Prewitt: You have to start with the politics of it all. I would hope that the contending political interests about how to conduct the census and how it should be managed during its operational phase would reach agreements early and then live up to them. That is to say, whatever the basic methodology is going to be, settle it by 2005 and don't still be debating it a year before like we were this time.

Then once the agreement is struck, let the Census Bureau do it. The oversight apparatus' attempt at micromanagement is not an operationally simple way to do this. You would never run a military campaign that way. I testified [before Congress] 17 times in less than two years. Schwartzkopf, when he was running Desert Storm, wasn't back and forth to Capitol Hill to get permission for every step. It's just not an intelligent way to conduct a major effort like this. I understand the politics, and I understand why they are intense. But resolve it — if at all possible — by some deadline.

The other thing — and this is very hard for Congress to understand — is early planning money. Already there should be planning and evaluation money [for the 2010 Census]. Very small investments now that help us figure out what worked and what didn't work can really pay dividends. We hired 920,000 people to work on the 2000 Census — do we really know how that happened? No. But can we learn that? Sure, we have enormous amounts of data on that.
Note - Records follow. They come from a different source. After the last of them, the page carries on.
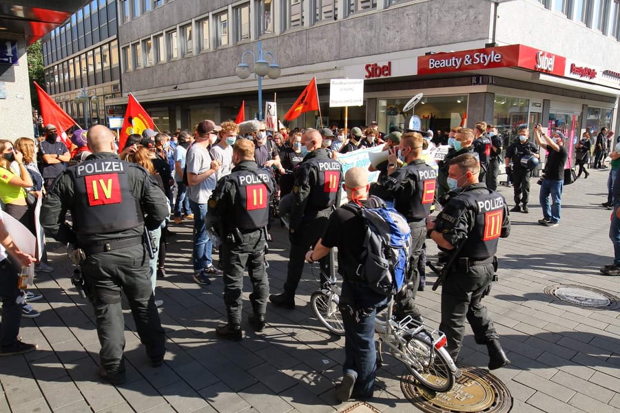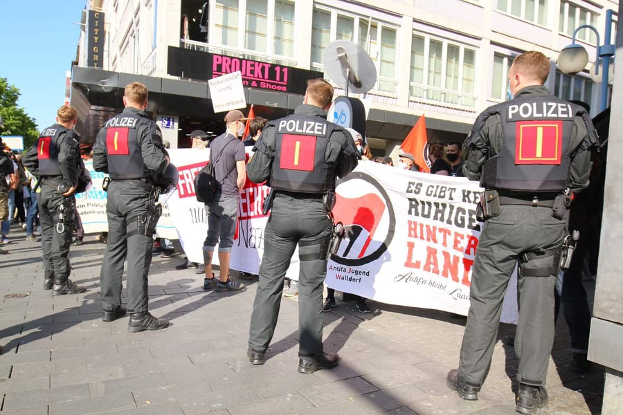 Hiç bir şekilde hijyen kuralları ve mesafeye uymayan maskesiz grup, dün Mannheim Marktplatz Meydanı’nda grup antifaşist grupların protestosu ile karşılaştı. Mitingin başlayacağı saate doğru toplanan yaklaşık 250 kişilik grup hijyen kuralları maske ve mesafe kurallarına uymadan saatlerce eylem yaptı. Polisin yoğun önlem aldığı mitinge daha sonra Mannheim Abendakademie önünde toplanan Antifaşist Gruplar ve demokratik kurum ve siyasi parti temsilcileri ırkçı grupların miting yaptığı alana doğru yürüyüşe geçti Markplatz önünde polis barikatıyla engellene anti faşist gruplar ve demokratik kurum temsilcilerinin konuşmalarını devam ettirdi sırada, Markplatz Meydanı’na miting alanına pankartlarıyla giren antifaşist bir grup polisin engellemesiyle durduruldu.Karşıt sağcı gruptların yer yer karşı sloganlar ve provokatif hareketler yaptığı anlarda oluşan gerginlik kısa sürede engellendi.
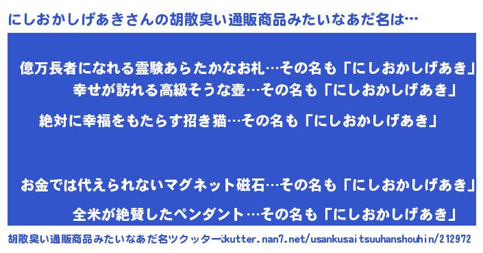 | 肩書あだ名 | 『にしおかしげあき少佐』 |
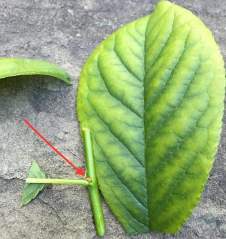 Then use a sharp knife to cut the area including the bud off the branch. The idea is to peel the branch under the bud down the center lengthwise so that you have a one-inch exposed section of stem lengthwise with the leaf's base and the bud in the middle. This photo shows a bud (red arrow pointing to it) growing between the stem and the leaf base. The stem below the bud has been cut away from the rest along about a one-inch lengthwise section.
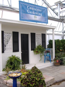 Noble Landscape & Garden Center uses a house façade to show the real-world possibilities for container gardens. The store took a cue from the surrounding neighborhood, and created a faux house-front that looks similar to homes in nearby subdivisions. |
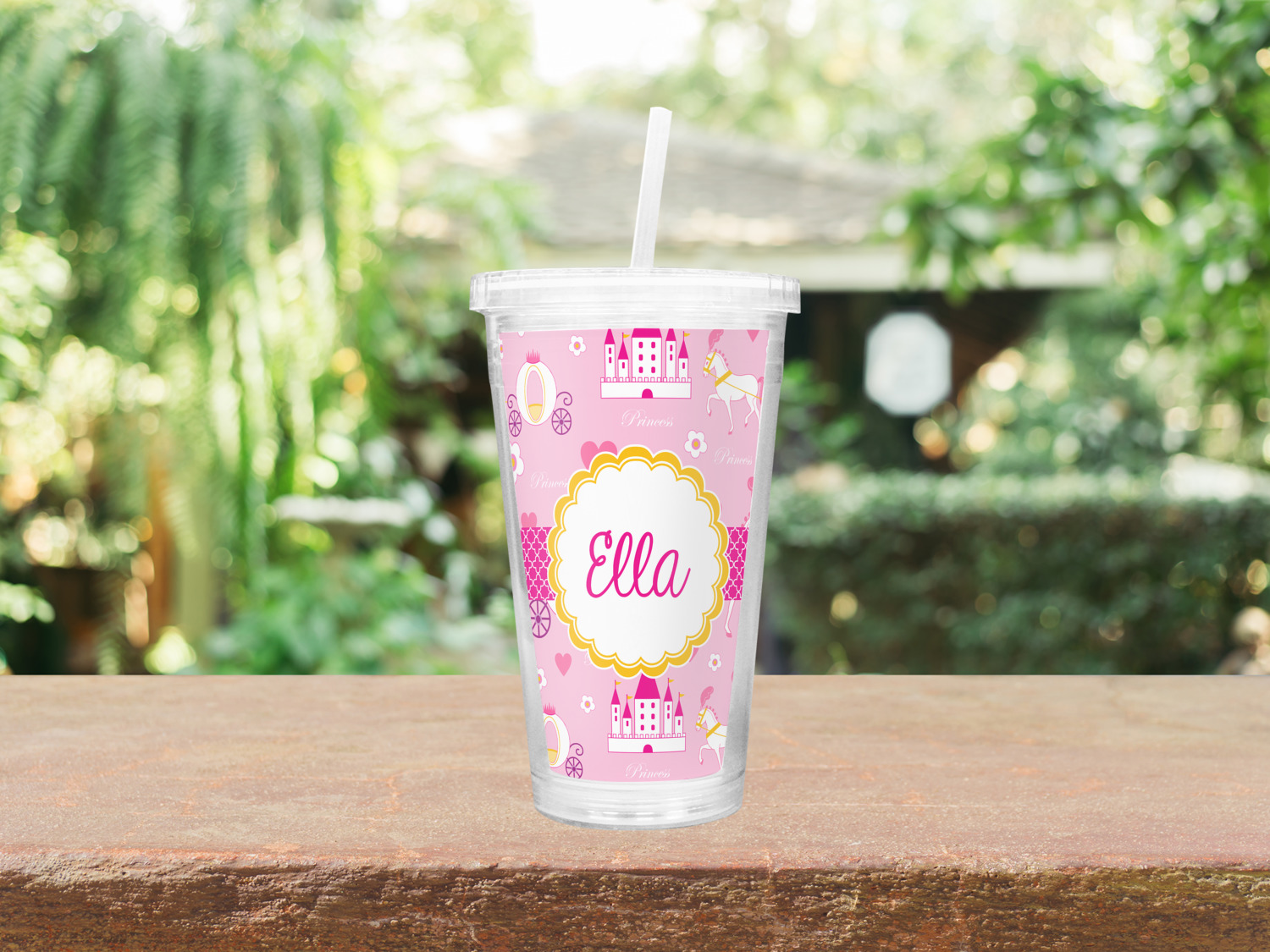 These BPA free tumblers with their double walls keep your drink cold and will not sweat on the outside; they have a clear acrylic top and a reusable straw with a ring around the bottom to keep the straw from falling out.
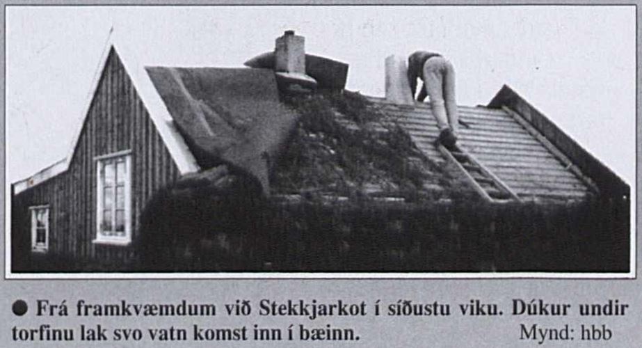 „Mest allt torf og dúkur var rifinn af þaki torfbæjarins Stekkjarkots í Njarðvík í síðustu viku vegna leka. Að sögn Kristjáns Pálssonar, bæjarstjóra í Njarðvík, lak þakið á nokkrum stöðum á milli gangs og baðstofu. Dúkur er undir torfinu er hann virðist hafa lekið á nokkrum stöðum. Það var því ráðlegt að skipta um hann strax, frekar en að geyma verkið fram á næsta vor.“
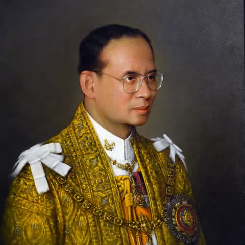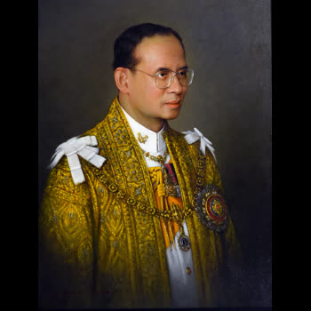 | คำอธิบาย : พระบรมสาทิสลักษณ์ พระบาทสมเด็จพระปรมินทรมหาภูมิพลอดุลยเดช ด้วยเทคนิค สีน้ำมันบนผ้าใบ |
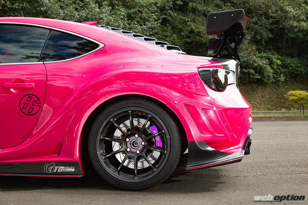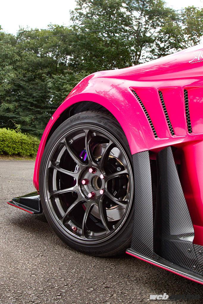 そのスタイルはバリスのワイドボディキットを軸とし、オーナーの奥様お気に入りのピンクで染め上げられる。このカラーはカーテック仙台でカスタムペイントされたもので、無色のガラスフレークがかけられることで、深みが増しているばかりでなく、光によってキラキラと妖艶な輝きを見せるのが特徴的。
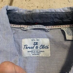 Thread & Cloth Men's Short Sleeve Button-Up Shirt - Blue & White Micro Stripe- L
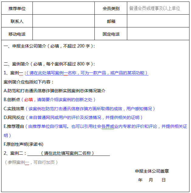 (一)填寫《防范打擊通訊信息詐騙創(chuàng)新實踐案例推薦表》(表格模版及填寫說明見附件);

The big thing, of course, is whether there is going to be an American Community Survey [ACS] or not. If there is going to be an ACS, then you do Census 2010 very differently. It could practically be a "postcard census" because you have all of the basic data already there. That kind of census, along with much greater use of the Internet, could perhaps really improve coverage and eat away at the differential undercount problem. But if you don't have the ACS, and you're still carrying the whole burden of the long form in the census environment, it's a very different kind of operation. You have to train people, there's data capture, everything about the census is different because you have that one-sixth survey going out at the same time.